This article was published in The Hindu Business Line on Saturday, Mar 20, 2004.
THE grant of Exclusive Marketing Right (EMR) to Novartis ("Exclusive Marketing Rights — Novartis gets stay against 6 firms", Business Line, January 24) and the delay in granting EMR to Eli Lilly ("Eli Lilly's ED drug likely to face clone's onslaught", Business Line, February 15, 2004) have raised several controversial issues.
For Novartis, the grant means that it can exclusively sell or distribute its patented anti-cancer drug Glivec containing the active ingredient Imatinib mesylate, which is the subject matter of EMR. This move has affected six Indian pharmaceutical companies which have been manufacturing Imatinib mesylate at one-tenth its price, under different trade names. For Eli Lilly, the delay would result in the loss of profits over its patented drug, Cialis.
The impact of WTO
The Dunkel Draft — the predecessor to the Trade Related Intellectual Property Rights (TRIPS) Agreement — proposed that all countries that did not offer product patents for pharmaceutical and agricultural chemical products as on January 1, 1995 have to provide a means for accepting applications for such inventions (called the `mailbox'), apply applicable priority rights and provide exclusive marketing rights (EMRs) for such products.
The developing countries had a choice between EMR and product patents and many opted for the latter. As one of the chief opponents of TRIPS, India opted for the interim arrangements of `mailbox' and EMR.
Under Article 65.4 of the TRIPS, developing countries that did not have product patents were to get 10 years to comply with patent provisions in the pharmaceutical and agricultural chemical sectors. But in view of Articles 70.8 and 70.9, these countries did not get even one day's transition, as they had to accept product patent applications through the `mailbox' and EMR.
The concept of EMR has its origin in a US legislation — the Hatch-Waxman Act, 1984, which granted a five-year market exclusivity period for an innovative drug. This provision was meant to protect drugs that either enjoyed no patent protection or had less than five years of protection left at the time of approval.
Not surprisingly, the issue of EMR was brought up by the US before the panel of the WTO's Dispute Settlement Body. The issue in United States vs. India (1997) was whether the Indian Patents Act, 1970 (Act) had established a mechanism that adequately preserved novelty and priority with respect to patent applications covering pharmaceutical and agricultural chemical inventions, given that under the Act substances classified as "food, medicine or drug" were entitled to process patent and not product patent protection.
The WTO panel concluded that India did not comply with its obligations under Article 70.8(a) of the TRIPS Agreement and violated its obligation to provide EMR during the transitional period under Article 70.9. The WTO Appellate Body upheld the panel's conclusions.
Consequently, the Act was amended in 1999 granting product patents for pharmaceuticals from January 1, 2005. As a prelude to full implementation in 2005, the Act provided that applicants may immediately receive EMR, a patent-like right governed by conventional patent doctrines.
EMRs: Legal implications
EMRs were introduced as an effective way to stall imitation of patented products by the local industry. It is only a privilege granted in anticipation of a patent right. EMRs offer rights similar to that of patents.
The right to make or use an invention may not be commercially viable without the right to sell or distribute the product. EMRs are even stronger than patents as the right of a national patent office to grant or reject the right is severely circumscribed.
Chapter IV-A of the Act lays down certain preconditions that have to be met before EMRs are granted. Before a claim is made, an application for the same invention should have been filed in a WTO member-country on or after January 1, 1995.
The patent grant and approval to sell and distribute the invention should have been granted in that country on or after the date of making a claim in India. Moreover, the approval to sell or distribute the invention should have been granted by the authority specified in this behalf.
If these conditions are satisfied, the EMR shall be granted from the date of approval till a period of five years or till the date of grant of patent or the date of rejection of application for the grant of patents, whichever is earlier. The grant of EMR would mean that the patent-like protection would be extended to the product even before the patent application is processed.

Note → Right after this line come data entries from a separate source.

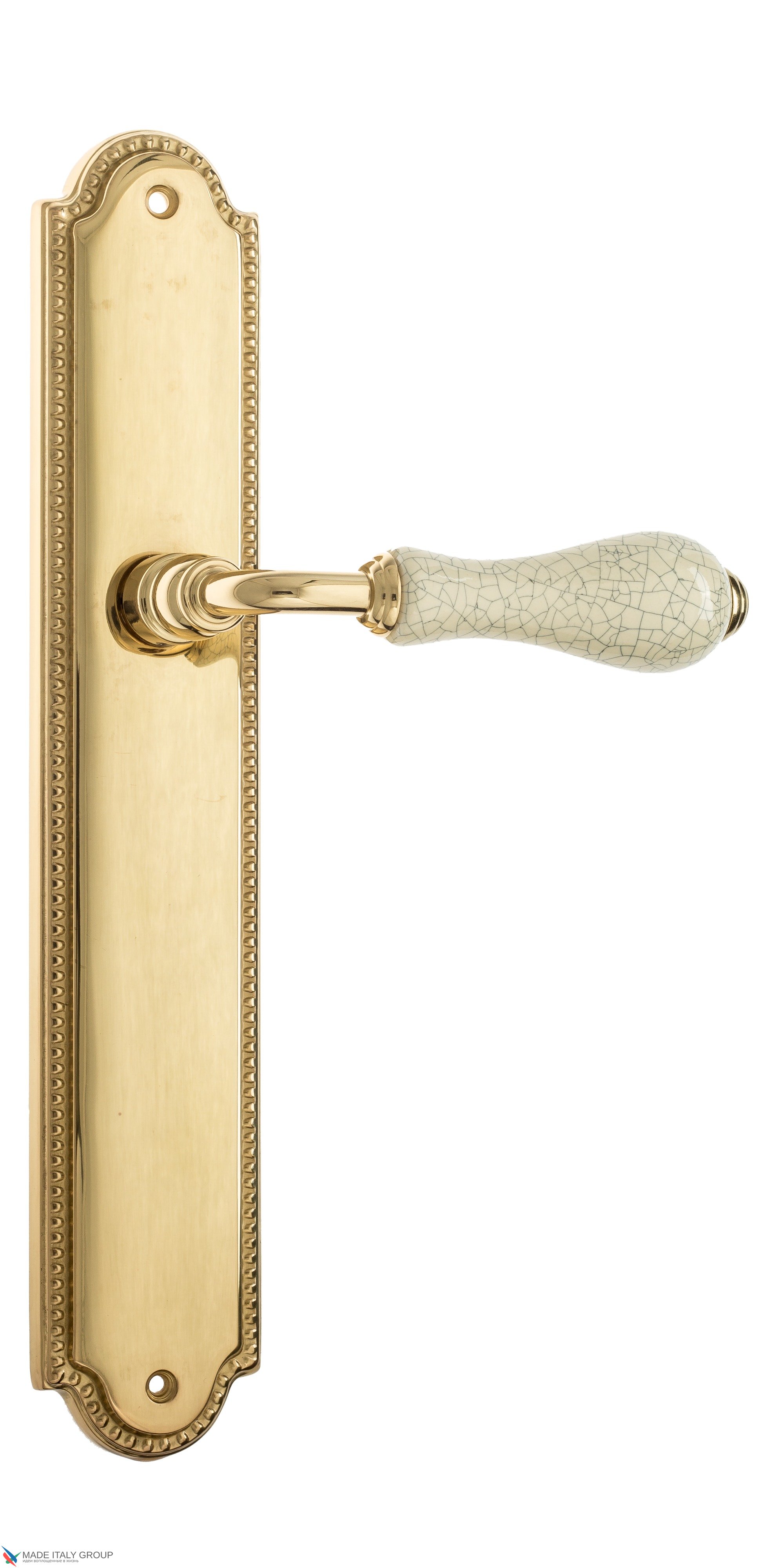 Дверная ручка Venezia "COLOSSEO" белая керамика паутинка на планке PL98 полированная латунь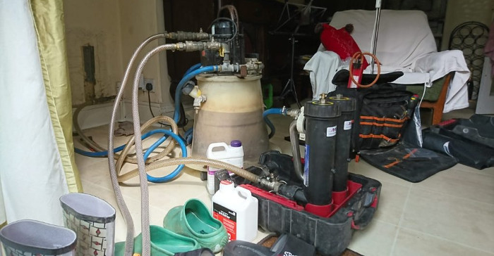 - Rincer avec le remplissage. Le système se remplit lorsque les vannes sont fermées. L'air est fourni sous pression pendant une période de 5 à 10 minutes. dans le tuyau d'admission, tandis que la sortie est fermée. Après la fin de l'alimentation en air comprimé, le rinçage est vidangé avec la saleté et le tartre.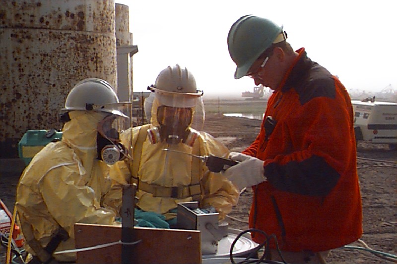 The worker in red is holding a testing meter.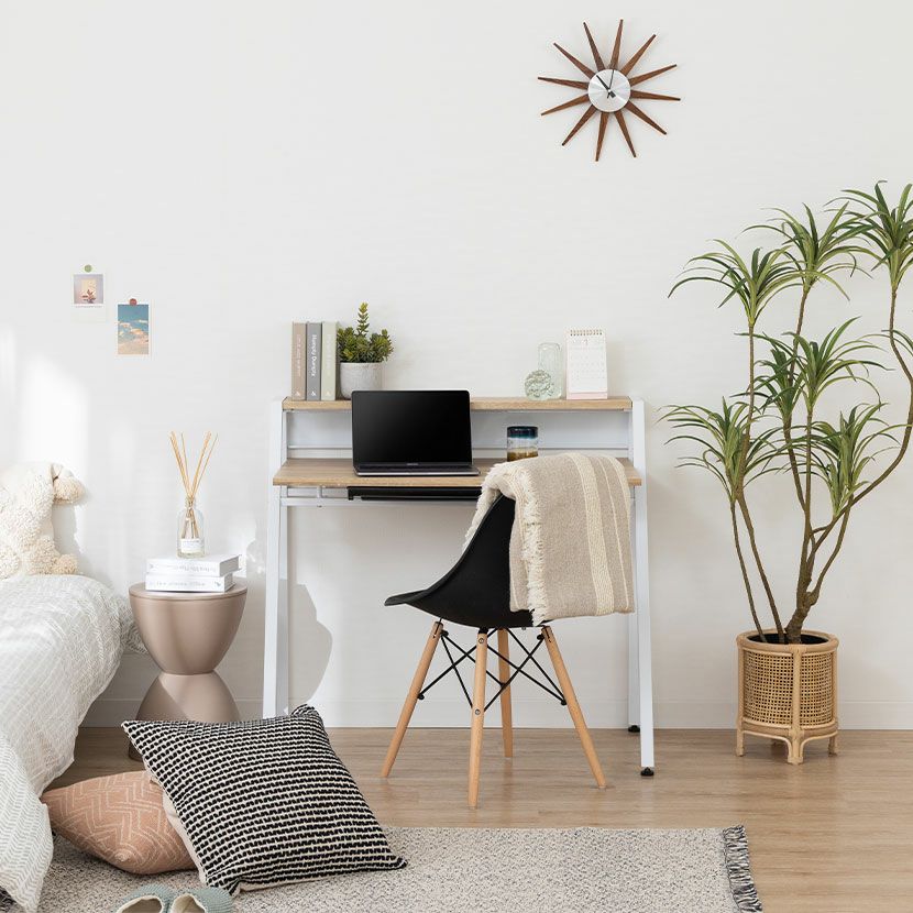 『暮らしのデザイン』は、幅80~99cmのパソコンデスクを通販でご提供。ウッディモダンなどのおしゃれなデザインで、書斎やリビング、オフィスの雰囲気に合わせてお選びいただけます。お部屋に設置しやすいコンパクトサイズのため、テレワーク用にもおすすめです。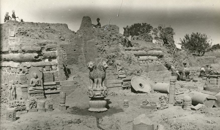 The original Lion Capital, now in the museum at Sarnath in Uttar Pradesh, was commissioned by Emperor Ashoka, the great Mauryan King, in the 3rd century BCE, and is a powerful symbol of Buddhism. It is a magnificent, 7-foot-tall sculpture of four Asiatic lions standing back-to-back, representing power, courage, confidence and pride. They are mounted on a base or an abacus with a frieze of sculptures of a lion, a horse, a bull and an elephant separated by wheels or chakras. The abacus, in turn, is mounted on an inverted lotus, the universal symbol of Buddhism.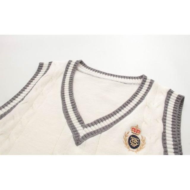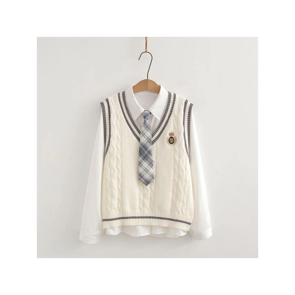 ibella 艾貝拉學院風徽章針織背心+襯衫+領帶三件套裝【55-24-858158-25】F 尺寸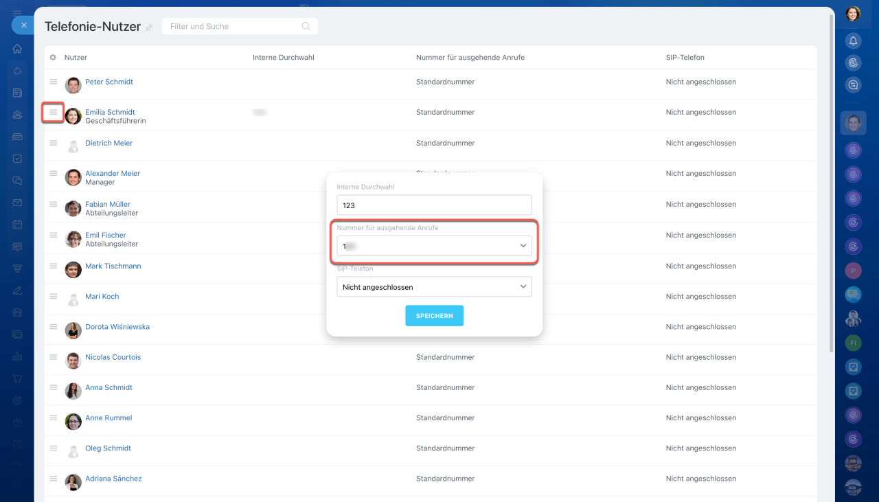 In Bitrix24 können Sie mehrere Telefonnummern verbinden. Während die allgemeine Nummer in den Telefonie-Einstellungen festgelegt wird, können Sie jedem Mitarbeiter eine individuelle Nummer zuweisen. Gehen Sie dazu in den Bereich Telefonie > Telefonie konfigurieren > Telefonie-Nutzer.
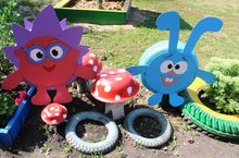 На детской площадке садика вырос Город смешариков, который пополняется новыми смешариками.

This interim arrangement can have disastrous consequences. In the event of the patent application failing to materialise in the form of a grant, it would mean that the EMR holder, in most cases pharma MNCs, , obtain a monopoly in selling and distributing products during the period of grant of EMR.
More sinisterly, it could mean exclusive exploitation of new markets without the backing of a right to do so. It is submitted that the Government should demand some security against such exploitation before granting EMR.
The grant of EMR results in a right stronger than that of a patent grant. Compared to a patent, the procedure involved in getting an EMR is much easier and without any provision for opposition of such a grant. India's belief that EMR obligation is weaker than that of product patents is misplaced. As the procedure for granting EMR does not have any review mechanism to check abuse, it can, in effect, offer a monopoly more rigid than that of patents.